**Activity**:
Copy out and return the lines from the one holding "Зимние теплые кожаные" to the end of the listing below, both included, omitting the pictures.

**Input data**:
__________________________________________________

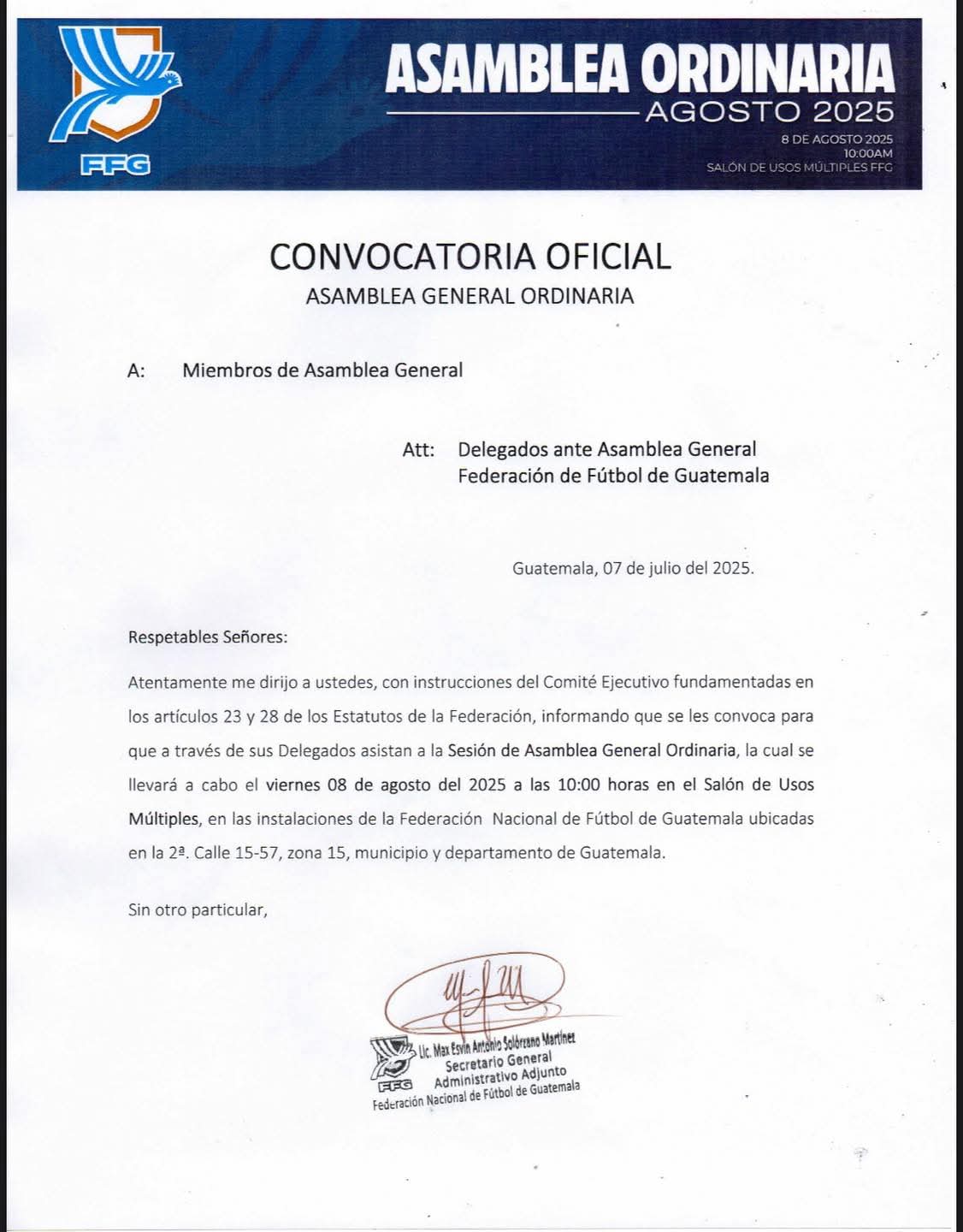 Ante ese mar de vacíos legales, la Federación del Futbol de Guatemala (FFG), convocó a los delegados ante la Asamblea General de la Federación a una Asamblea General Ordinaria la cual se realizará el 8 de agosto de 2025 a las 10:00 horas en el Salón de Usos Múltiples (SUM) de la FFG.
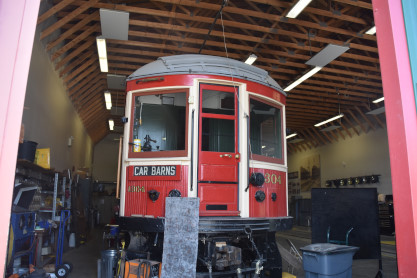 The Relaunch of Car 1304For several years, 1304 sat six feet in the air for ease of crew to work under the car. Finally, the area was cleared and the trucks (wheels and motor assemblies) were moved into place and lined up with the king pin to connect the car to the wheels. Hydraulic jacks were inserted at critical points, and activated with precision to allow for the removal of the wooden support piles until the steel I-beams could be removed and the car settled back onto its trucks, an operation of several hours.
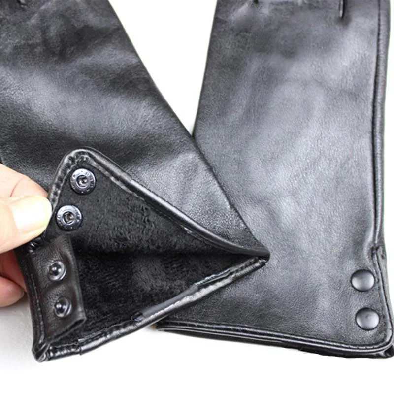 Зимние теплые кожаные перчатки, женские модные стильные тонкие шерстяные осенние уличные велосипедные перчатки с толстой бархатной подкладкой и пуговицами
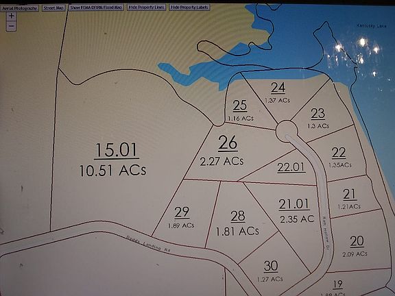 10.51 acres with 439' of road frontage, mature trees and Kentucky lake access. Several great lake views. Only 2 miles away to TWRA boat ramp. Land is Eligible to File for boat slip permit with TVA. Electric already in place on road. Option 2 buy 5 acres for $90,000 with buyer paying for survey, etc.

__________________________________________________

**Solution to the exercise**:
 Зимние теплые кожаные перчатки, женские модные стильные тонкие шерстяные осенние уличные велосипедные перчатки с толстой бархатной подкладкой и пуговицами
 10.51 acres with 439' of road frontage, mature trees and Kentucky lake access. Several great lake views. Only 2 miles away to TWRA boat ramp. Land is Eligible to File for boat slip permit with TVA. Electric already in place on road. Option 2 buy 5 acres for $90,000 with buyer paying for survey, etc.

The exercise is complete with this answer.